Context Vertebral fractures are the most common osteoporotic fracture. Women with low bone mineral density (BMD) and prevalent vertebral fractures have a greater risk of incident vertebral fractures over the short-term, but their absolute risk of vertebral fracture over the long-term is uncertain.

Objective To examine the absolute risk of incident vertebral fracture by BMD and prevalent vertebral fracture status over 15 years.

Design, Setting, and Participants A total of 9704 white women were recruited at 4 US clinical centers and enrolled in the Study of Osteoporotic Fractures, a longitudinal cohort study. Of these, 2680 attended a clinic visit an average of 14.9 years after baseline; mean age of 68.8 years at entry and 83.8 years at follow-up.

Mean Outcome Measure Incident vertebral fractures identified from lateral spinal radiographs defined as a decrease of at least 20% and 4 mm at any vertebral level. Prevalent vertebral fractures were identified on the baseline radiographs using vertebral morphometry. Bone mineral density was measured at the total hip and lumbar spine using dual-energy x-ray absorptiometry.

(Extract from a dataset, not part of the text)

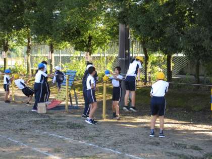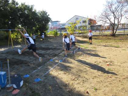 体育科の学習では、走り幅跳びと鉄棒運動に取り組んでいます。走り幅跳びでは、3歩のリズムで踏み切り、両足で着地する練習を行いました。来年のチャレンジ陸上に向けて、練習を積み重ねていきたいですね。

Results Of the 2680 women, 487 (18.2%) had an incident vertebral fracture including 163 of the 394 (41.4%) with a prevalent vertebral fracture at baseline and 324 of the 2286 (14.2%) without a prevalent vertebral fracture at baseline (odds ratio, 4.21; 95% confidence interval, 3.33-5.34). Low BMD was associated with an increased risk of incident vertebral fracture (odds ratio per 1 SD decrease in total hip BMD, 1.78 [95% confidence interval, 1.58-2.00]). The absolute risk of vertebral fracture ranged from 56% among women with total hip BMD T score of −2.5 or less and a prevalent vertebral fracture to 9% in women with normal BMD and no prevalent vertebral fracture.

Conclusions Low BMD and prevalent vertebral fractures are independently related to new vertebral fractures over 15 years of follow-up. Women with a prevalent vertebral fracture have a substantially increased absolute risk of an incident fracture, especially if they have osteoporosis diagnosed by BMD.